Arrived here last night in preparation for the first gathering of Art of Hosting practioners in Europe, the first Art of Hosting on the Art of Hosting. I’m staying with my friend Ria Baeck, in a small converted stable on an old farm in the countryside outside of Brussels. Tom Hurley joined us this morning from San Francisco (he’s sleeping right now) and Toke, Monica, George Por, Maria Scordialos and Sarah Whitely and others are all arriving this afternoon. Tomorrow we start in a learning centre about 15 minutes away from here called Heerlijckyt.
The flight from Vancouver, through Heathrow was a strange experience for me, It was in many ways a journey back through some personal time and landscapes that have formed me. In 1978, when I was almost exactly the same age as my daughter, I moved with my family to England, where we lived for the next three years. Since 1981, when we left I haven’t been back to Europe at all, so it was interesting landing at Heathrow again, almost 29 years to the day since I first landed there. There is nothing recognizable about the place to me, and I used to know it pretty well. I was an avid planespotter in my youth and I used to spend whole Saturdays with my friend Dominic Adams at Heathrow, watching the world come and go. Today I’m hard pressed to even guess where we used to watch planes from, if indeed that structure is even there anymore.

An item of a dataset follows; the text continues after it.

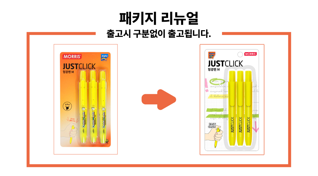 [알파] 모리스 형광펜 노크식(옐로우 3입)
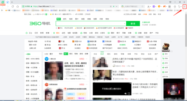 2、在360浏览器主界面的右上角找到“三”打开菜单选项;

But this journey was also significant for other quick visits to personal landscapes. In flying from Vancouver to London, we travelled over almost all of the major homelands of my ancestry. First the fields of Saskatchewan, where my great grandmother’s family farmed, and then the Ojibway lands of Ontario, and much later, the homeland of my father’s family, the north of Ireland. We were within view of Moy, the town where my father’s family left from in the 1860s to come to Canada. A few minutes later our low earth orbit took me over the Isle of Man, where my some of my mom’s mother’s family came from. We sort of missed Scotland although it lay not far off our port wing, and that was it; the sum total of the landscapes in which my genes had travelled most recently. I covered in nine hours what it took my genetic material hundreds of years to do.
Ria met me at the Brussels airport and we drove east through southern Flanders to this little rural farmhouse, nestled in a beautifully tended garden. All I know about Flanders has been shaped by the Canadian narrative of the First World War, and so a lot of what I was seeing in this incredibly peaceful and pastoral land was some ancient grief of the wars that have raged over time in this place. I even pulled out a CA$10 bill when I got here and noticed for the first time that it has the first stanza of “In Flanders Fields” printed on it. (I’ve been travelling so much these days I currently have four currencies in my wallet, Canadian and American dollars, Euros and British pounds)
So here I am, happily ensconced in a Flanders fields and awaiting the arrival of some mates for what will prove to be a tasty gathering. More to come as we cook together.